The cross-country project engaged more than 400 participants including citizen scientists, elementary school teachers, and students, who set up 16 monitoring stations in the path of totality across Oregon, Idaho, and Missouri. At each location, small USB microphones were hung on lanyards near bee-pollinated flowers.

The devices were sent to Dr. Galen’s lab, where the recordings were matched up with the phases of the eclipse for each site. The data revealed that the bees remained active during the partial-eclipse phases both before and after totality, but they ceased all activity during the period of totality.

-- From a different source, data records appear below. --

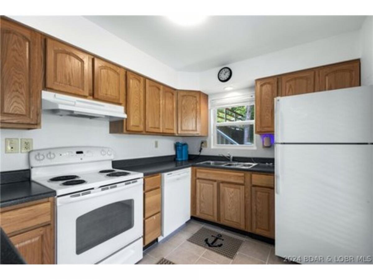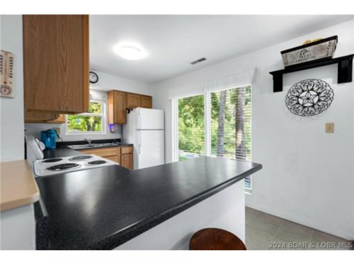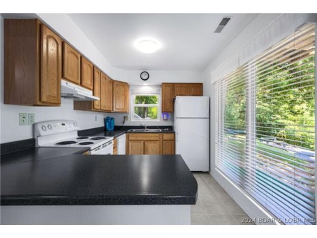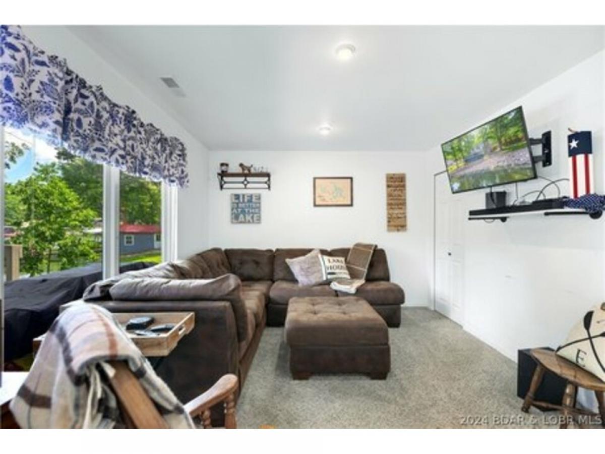 Classic cabin vibes can be found at the 44 mile marker at the iconic Lake of the Ozarks. When you pull up you can take a sigh of relief, you're at the lake now! Take a look past the driveway & extra parking & notice the gentle yard near the lake, private dock, pebble beach near the water, fire pit, & lakeside deck. Make your way into the main level of the home which features access to the lakeside deck, kitchen, living room, dining area, as well as a half bathroom. The upper level allows access to the attached garage & features 4 bedrooms, 2 bathrooms, and laundry closet. The private dock has a 10x20 boat slip w/ low water hoist & a pwc hoist included. Just a short cruise down the main channel are lake bars, restaurants, & entertainment.
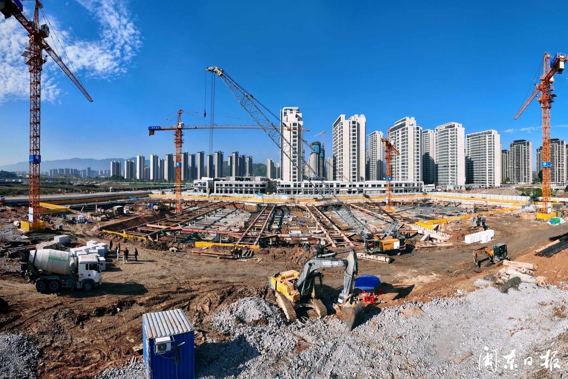 近日,蕉城中学东校区项目建设现场,只见塔吊耸立,挖机来回穿梭,土方开挖、桩基铺设……整个施工现场繁忙而有序。
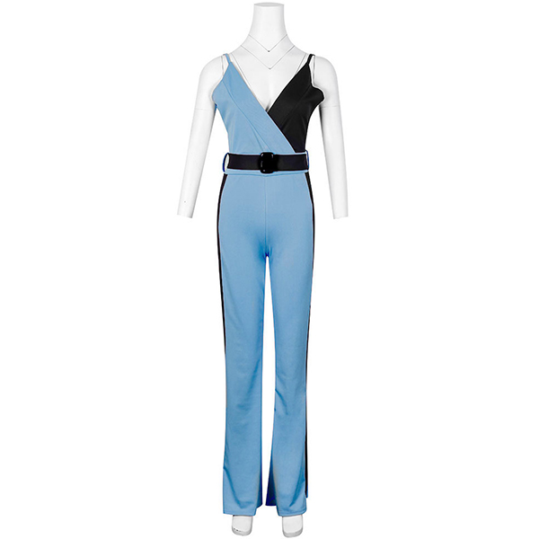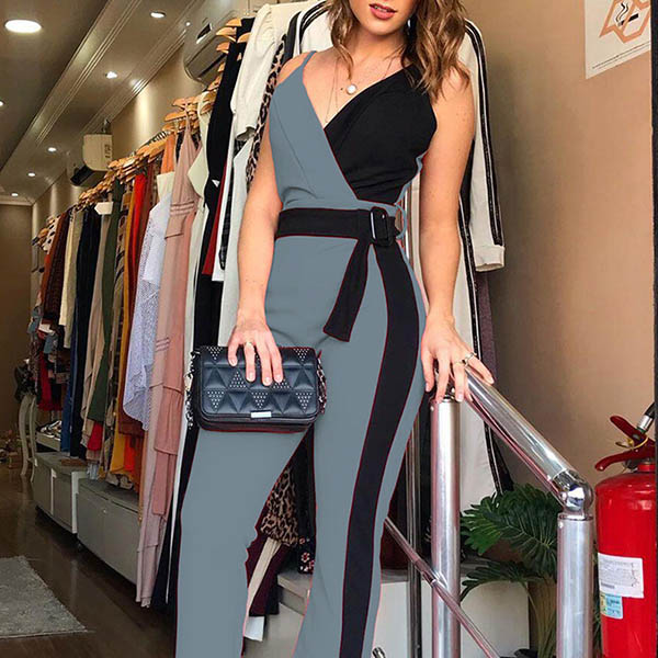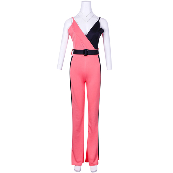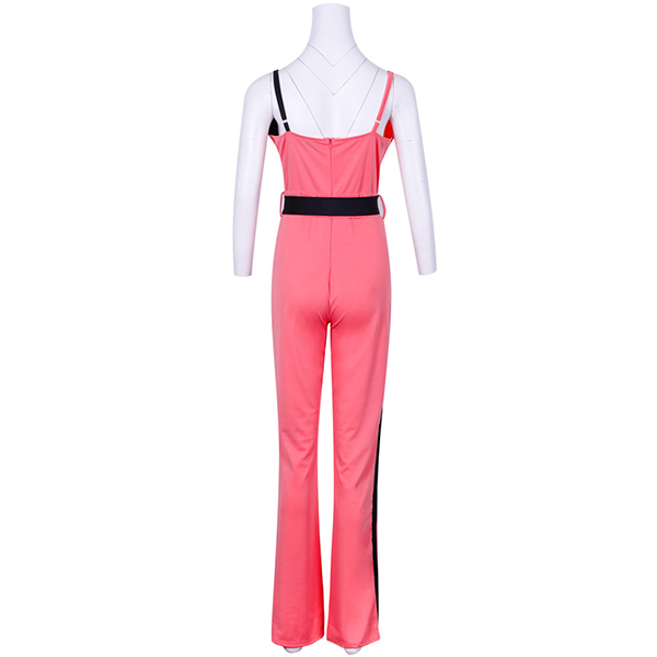 Sexy Backless V-neck High Waist Contrast Color Sling Jumpsuit
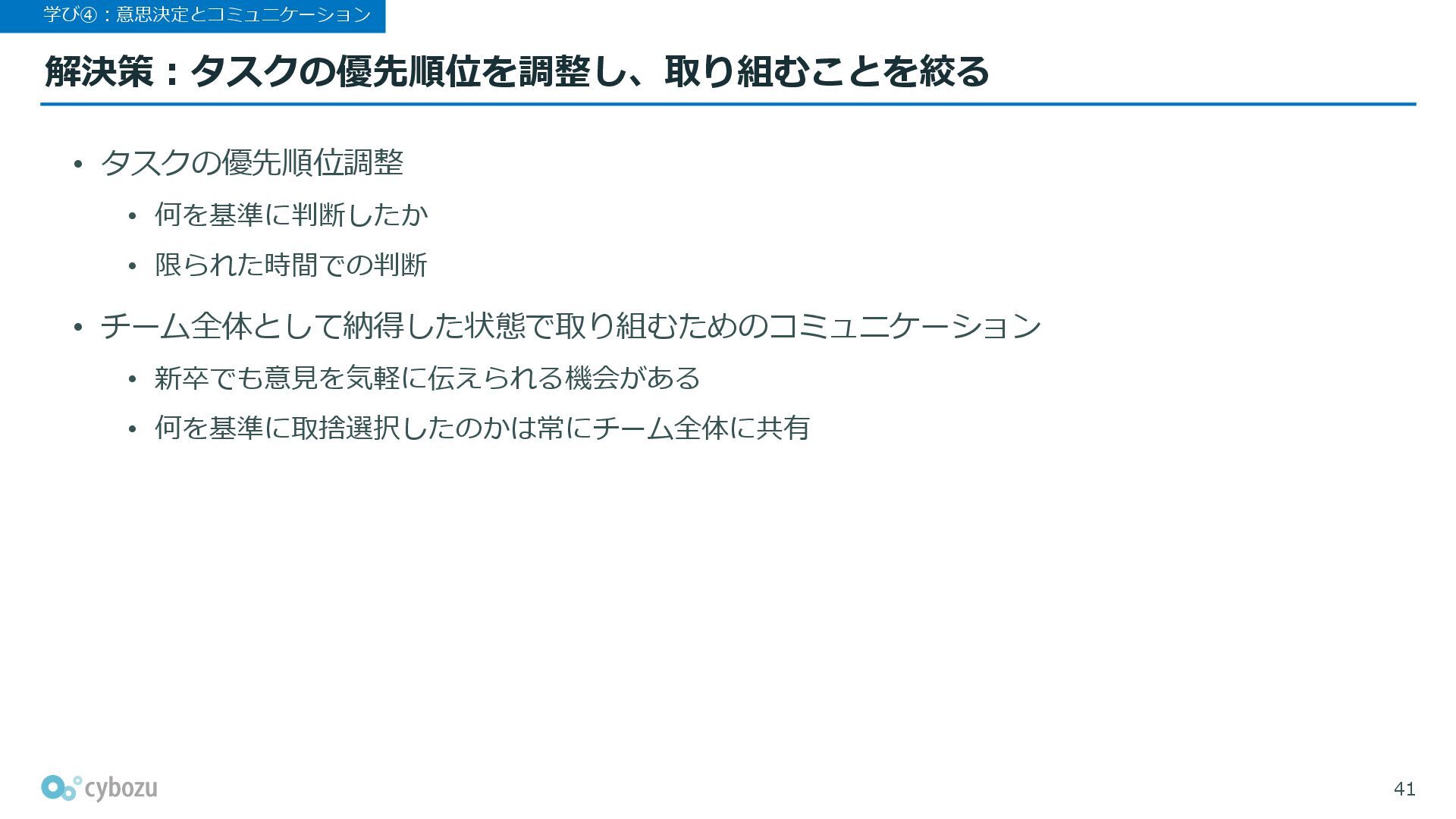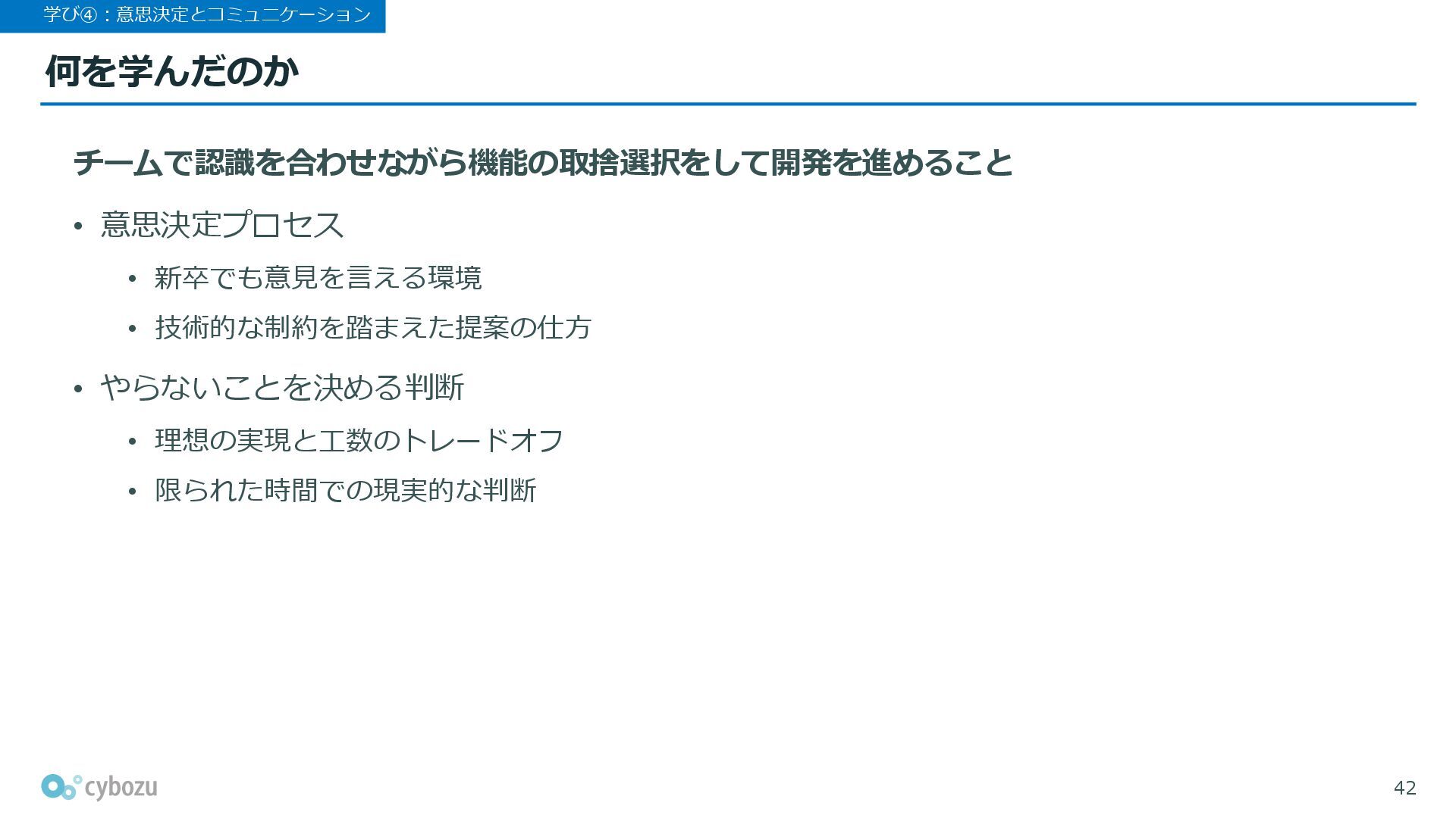• 何を基準に取捨選択したのかは常にチーム全体に共有 解決策:タスクの優先順位を調整し、取り組むことを絞る 41 学び④:意思決定とコミュニケーション

Across all 16 locations, only one buzz was recorded during totality. The study also revealed that, shortly before and shortly after totality, bee flights tended to be longer in duration, which indicates that the flights were slowed down.

Bees usually fly more slowly at dusk and return to their colonies at night. The fact that the same behavior was triggered by an eclipse offers evidence that bees respond to environmental cues even when those cues occur unexpectedly.

Dr. Galen explained: “The eclipse gave us an opportunity to ask whether the novel environmental context -mid-day, open skies – would alter the bees’ behavioral response to dim light and darkness. As we found, complete darkness elicits the same behavior in bees, regardless of timing or context. And that’s new information about bee cognition.”

The study is published in the Annals of the Entomological Society of America.